Chapter 8

Christmas came and went. It was vibrant, loud, and rich with the sounds of music, the smells of Mrs. Weasley's cooking, and the thrumming warmth of good company. Even with the slightly forced undertones, the knowledge that there were seats missing to avoid looking at empty spaces, it was nice.

That didn't mean that Harry slept any better that night.

He was thinking. Always thinking. 'Zoning out', Ron had called it, and Harry supposed he did that too, losing time when he wasn't even deliberately turning thoughts over in his mind. Yet where once it had been in quiet contemplation, engrossed in pained thoughts of days gone by and mistakes made, of internal discovery and dumbfounded fascination, now it was mostly something else. Almost exclusively something else.

The seat at the window in Ron's room wasn't all that comfortable. It wasn't particularly uncomfortable either, but it wasn't anything special. Harry didn't mind either way; it wasn't like the solace of the window itself, pulled closed but otherwise bared wide and open to inhale the thin wisps of moonlight, needed proper seating. There wasn't anywhere quite so comfortable as what Harry had found at Hogwarts anyway. Who he found.

Knees drawn to his chest, chin resting atop them, and arms locked to stave off the kind of chill that couldn't be deflected by Warming Charms, Harry gazed out at the stretch of the Weasley's garden. He barely saw it, but that didn't really matter any more than the simplicity of the chair. Lost as he was, chewing over the question and the confusion that had been niggling at him for days, he didn't even notice when Ron's snores ceased.

"You still not sleeping?"

Starting, Harry glanced towards the dark corner where Ron's bed was wedged. Ron was propped up on his elbows, the oval of his face pale and visibly squinting, frowning just a little. Harry smiled, shrugging in the face of Ron's concern. "Nah. Not tonight."

"You mean not tonight too," Ron corrected.

"Yeah, that." Resettling his chin, Harry returned to gazing at the window. Through the window. Beyond that. Idly, he wondered if Draco was sleeping that night, or if he was just as sleepless as Harry found himself. Given his circumstances and how often they'd found one another similarly incapacitated, Harry doubted the former. Definitely when considering the home that Draco would be returning to.

What was he doing? Who was he with? What was he thinking? Harry had never considered Draco in such a light before, but then, he'd never had the need to. They'd always been at verbal – and sometimes physical – blows, or it had been… something else. Something more than that, an unexpected relief and comfort that Harry had found in the most unlikely of places, and then something else again.

A habit. A comfortable habit. Shared study hours, shared company, the odd word or two, but it hadn't been more than that – had it? Nothing more than simple companionship, and Harry hadn't needed or sought more than what they'd had.
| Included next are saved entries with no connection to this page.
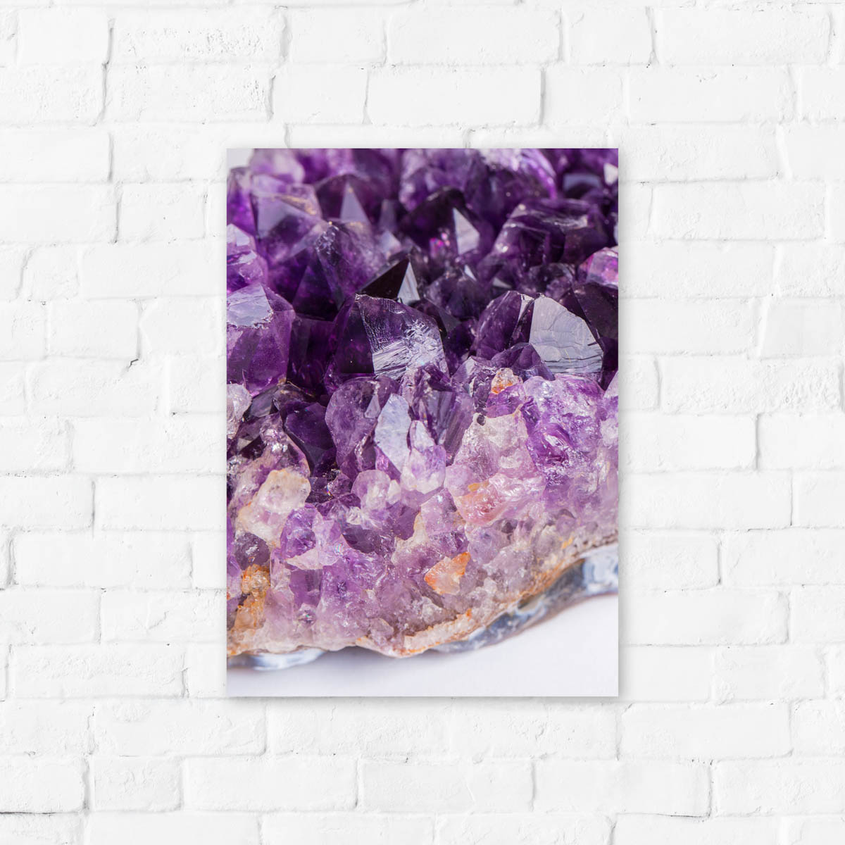 Kies de perfecte afdrukoptie voor jouw huiskamer of kantoor. Of je nu gaat voor de moderne uitstraling van dibond, de lichtheid van forex, of de warmte van canvas, onze amethyst art print komt tot leven op elk materiaal.
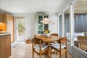 Die Wohnküche und das Wohnzimmer sind das Zentrum des Hauses. Dieser Raum wird durch den Holzofen beheizt, der für Wärme und Gemütlichkeit sorgt, sobald Sie das Feuer angezündet und sich niedergelassen haben. Der Raum präsentiert sich hell und einladend mit einem schönen Dielenboden und weiß gestrichenen Holzwänden. Die renovierte Küche besticht mit Ihrem klassischen Stil, der die gemütliche Ferienhausatmosphäre vergangener Tage aufleben lässt. Dank der offenen Wohnlösung genießen Sie selbst während der Zubereitung der Mahlzeiten die Nähe Ihrer Lieben, die es sich auf dem Sofa gemütlich gemacht haben.
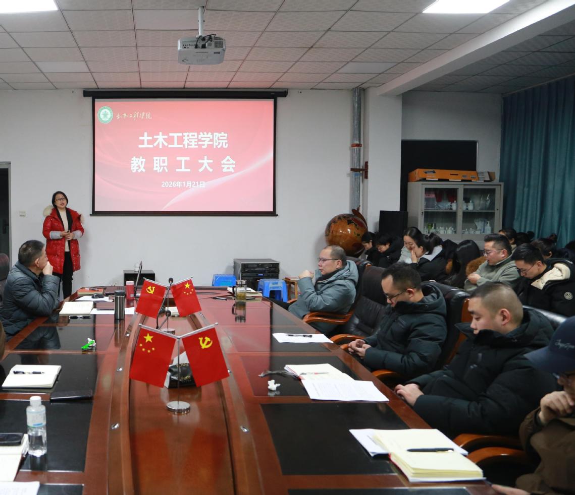 2026年1月21日下午,土木工程学院召开放假前全体教职工大会,全面总结2025年度工作成效,系统部署寒假及2026年重点任务。会议由学院党委书记朱德珍主持,全体教职工参会。
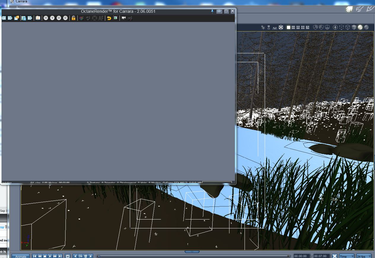 I have cleared Carrara's cache folder. The system has 16GB RAM a GTX-480 1.5GB and a GTX660Ti 3.0GB this is what happens when I load Howie's scenes into Octane.
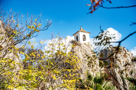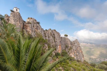 View of the cliffs and the entrance to the town of Guadalest and old bell tower on top of the rock in the province of Alicante, Spain. tourism concept
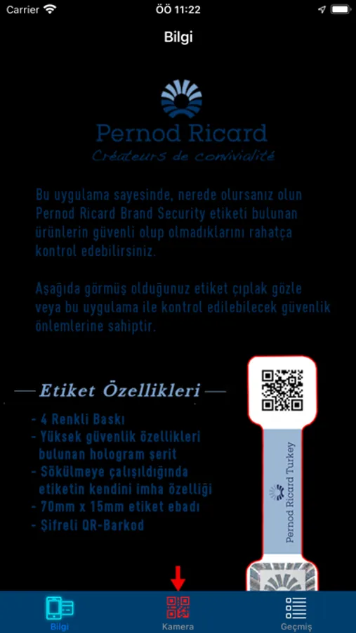 Bu uygulama sayesinde, nerede olursanız olun Pernod Ricard Brand Security etiketi bulunan ürünlerin güvenli olup olmadıklarını rahatça kontrol edebilirsiniz...

But then Draco had said… he'd said…

A scuffle across the room, the shuffle of blankets and then feet, preceded Ron's rising from his bed. Harry eyed him sidelong without turning his way. "You don't have to get up," he said.

"Yeah, I know," Ron replied, making his way to the window nonetheless. He plopped down into the seat across from Harry with a heavy sigh that evolved into a yawn. "I'll just keep you company."

"It's fine. Really."

"Yeah, yeah, whatever." Another yawn had Ron slumping back into his chair, rocking it slightly on its feet. "Did you actually get any sleep at all?"

Harry shrugged.

"I take that as a no." At Harry's small smile, Ron sighed again. "Yeah, I thought so. I wasn't sleeping too great back at Hogwarts either, but I thought being home might change that. I guess not. It just feels…"

He trailed off, but Harry didn't need him to finish the thought. It was self-explanatory enough, because Harry felt the same. The Burrow was the same, but the people in it were irreversibly changed from who they'd been.

"Yeah," he murmured, and silence fell between them.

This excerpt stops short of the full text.